◆ DATA EXTRACTS
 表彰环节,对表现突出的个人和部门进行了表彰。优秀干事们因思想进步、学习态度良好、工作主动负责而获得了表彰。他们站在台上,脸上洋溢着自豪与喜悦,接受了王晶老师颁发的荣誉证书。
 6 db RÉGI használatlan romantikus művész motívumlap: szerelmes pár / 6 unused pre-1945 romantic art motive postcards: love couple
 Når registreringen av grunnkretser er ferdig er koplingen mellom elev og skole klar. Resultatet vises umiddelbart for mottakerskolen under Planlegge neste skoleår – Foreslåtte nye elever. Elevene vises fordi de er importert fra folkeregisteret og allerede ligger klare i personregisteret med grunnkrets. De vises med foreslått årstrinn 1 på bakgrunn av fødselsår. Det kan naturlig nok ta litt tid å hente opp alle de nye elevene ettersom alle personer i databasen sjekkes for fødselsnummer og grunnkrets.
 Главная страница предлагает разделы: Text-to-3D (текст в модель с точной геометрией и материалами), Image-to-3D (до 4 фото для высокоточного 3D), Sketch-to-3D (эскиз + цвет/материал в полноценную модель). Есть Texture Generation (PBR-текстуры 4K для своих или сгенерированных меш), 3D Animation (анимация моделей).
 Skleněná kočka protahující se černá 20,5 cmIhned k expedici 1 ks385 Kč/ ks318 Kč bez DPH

...

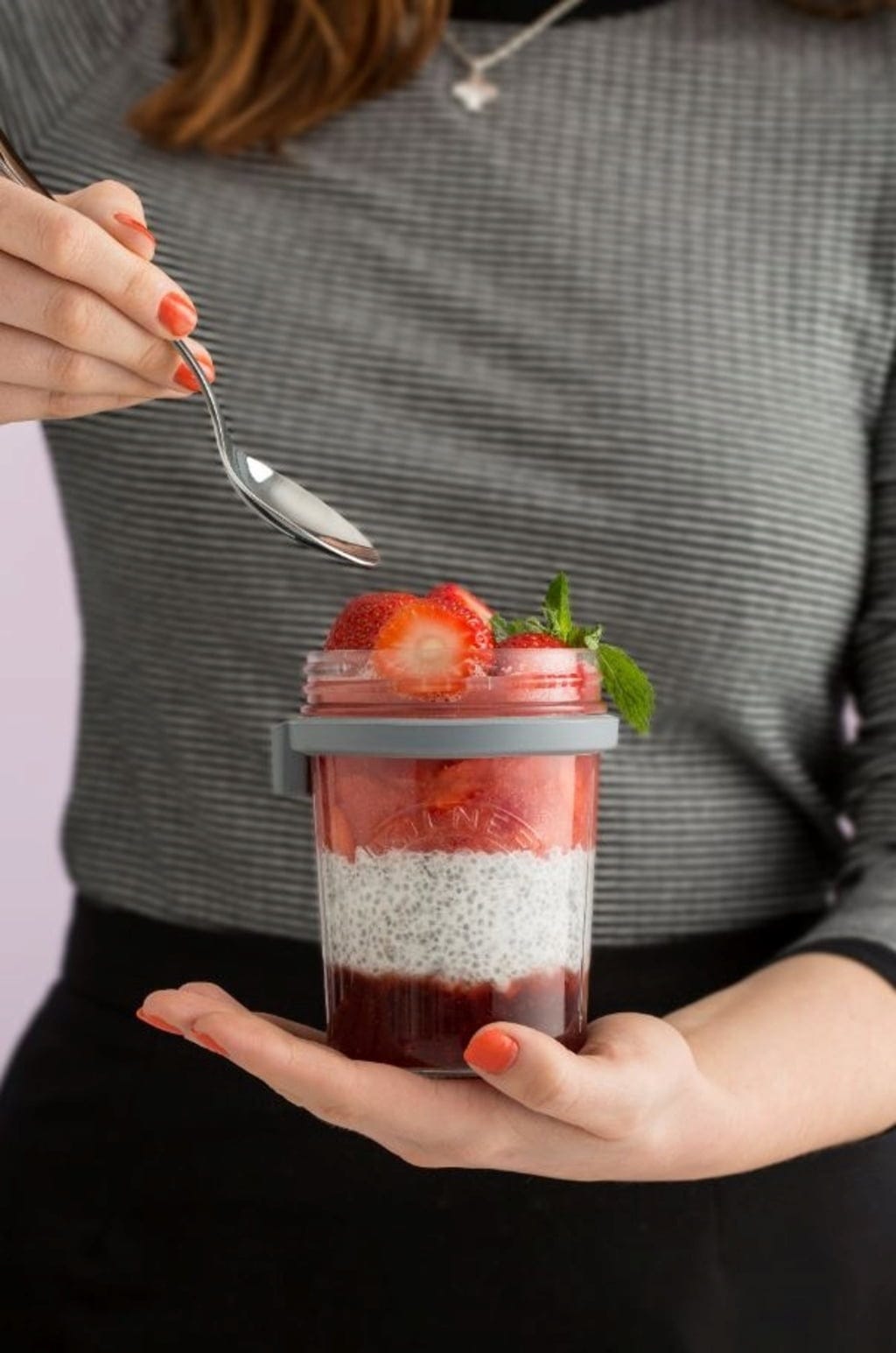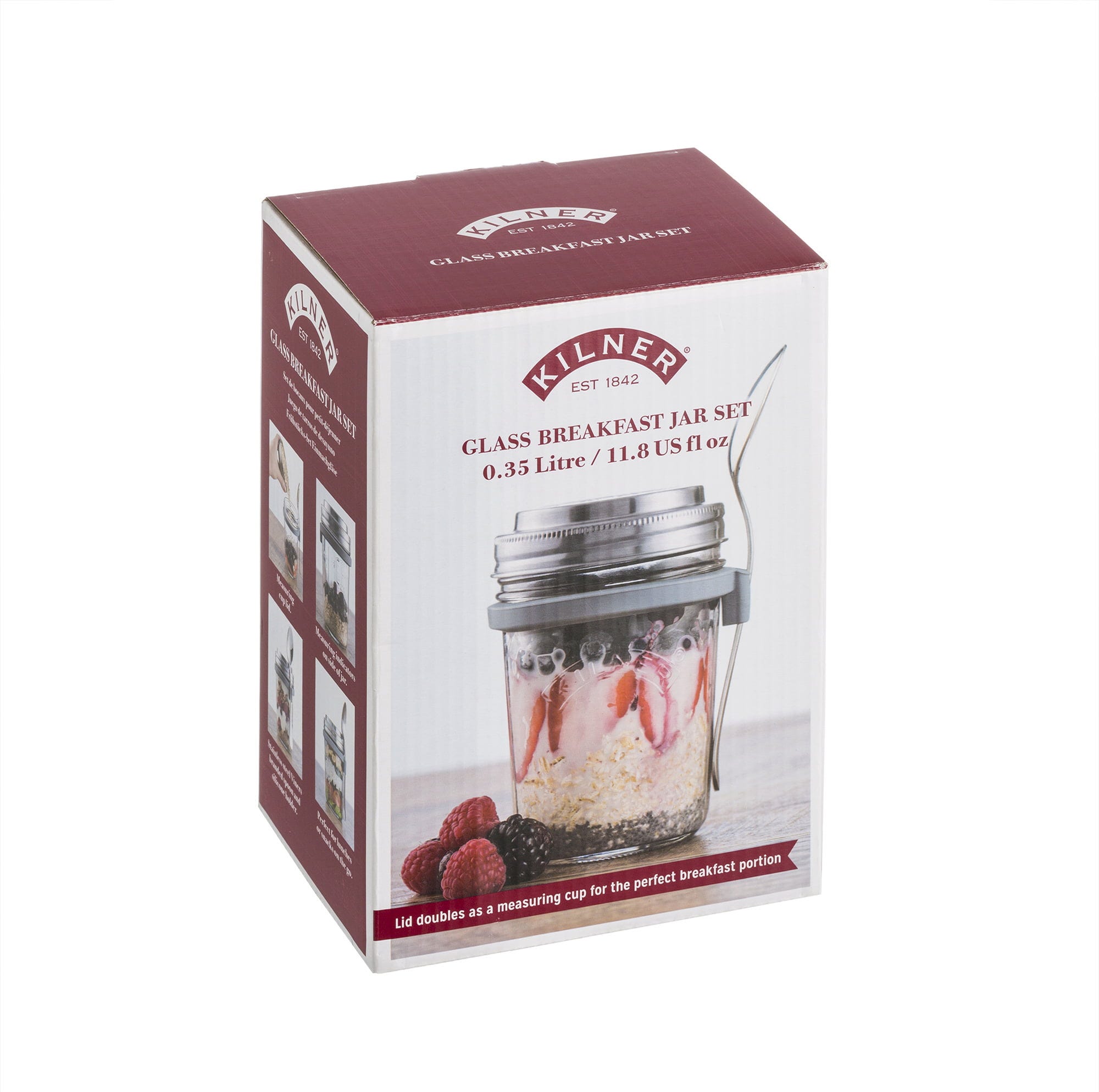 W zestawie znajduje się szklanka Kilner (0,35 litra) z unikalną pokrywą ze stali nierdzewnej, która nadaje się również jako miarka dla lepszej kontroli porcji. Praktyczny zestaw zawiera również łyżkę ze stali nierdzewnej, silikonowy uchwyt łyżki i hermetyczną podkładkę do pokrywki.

...

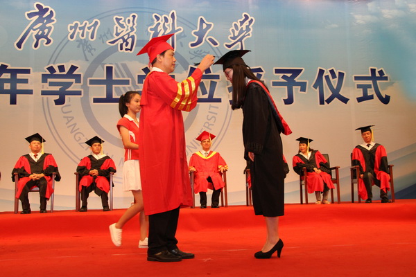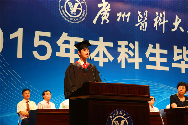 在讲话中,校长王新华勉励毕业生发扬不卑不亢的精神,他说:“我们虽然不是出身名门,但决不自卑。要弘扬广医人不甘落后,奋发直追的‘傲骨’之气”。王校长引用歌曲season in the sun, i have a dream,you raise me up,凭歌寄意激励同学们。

◆ EXERCISE INSTRUCTIONS
Reproducing the whole listing above is not the task. Copy exactly only the lines from the one with "6 db RÉGI használatlan" to the one with "Skleněná kočka protahující", both kept.

◆ ANSWER SPACE
 6 db RÉGI használatlan romantikus művész motívumlap: szerelmes pár / 6 unused pre-1945 romantic art motive postcards: love couple
 Når registreringen av grunnkretser er ferdig er koplingen mellom elev og skole klar. Resultatet vises umiddelbart for mottakerskolen under Planlegge neste skoleår – Foreslåtte nye elever. Elevene vises fordi de er importert fra folkeregisteret og allerede ligger klare i personregisteret med grunnkrets. De vises med foreslått årstrinn 1 på bakgrunn av fødselsår. Det kan naturlig nok ta litt tid å hente opp alle de nye elevene ettersom alle personer i databasen sjekkes for fødselsnummer og grunnkrets.
 Главная страница предлагает разделы: Text-to-3D (текст в модель с точной геометрией и материалами), Image-to-3D (до 4 фото для высокоточного 3D), Sketch-to-3D (эскиз + цвет/материал в полноценную модель). Есть Texture Generation (PBR-текстуры 4K для своих или сгенерированных меш), 3D Animation (анимация моделей).
 Skleněná kočka protahující se černá 20,5 cmIhned k expedici 1 ks385 Kč/ ks318 Kč bez DPH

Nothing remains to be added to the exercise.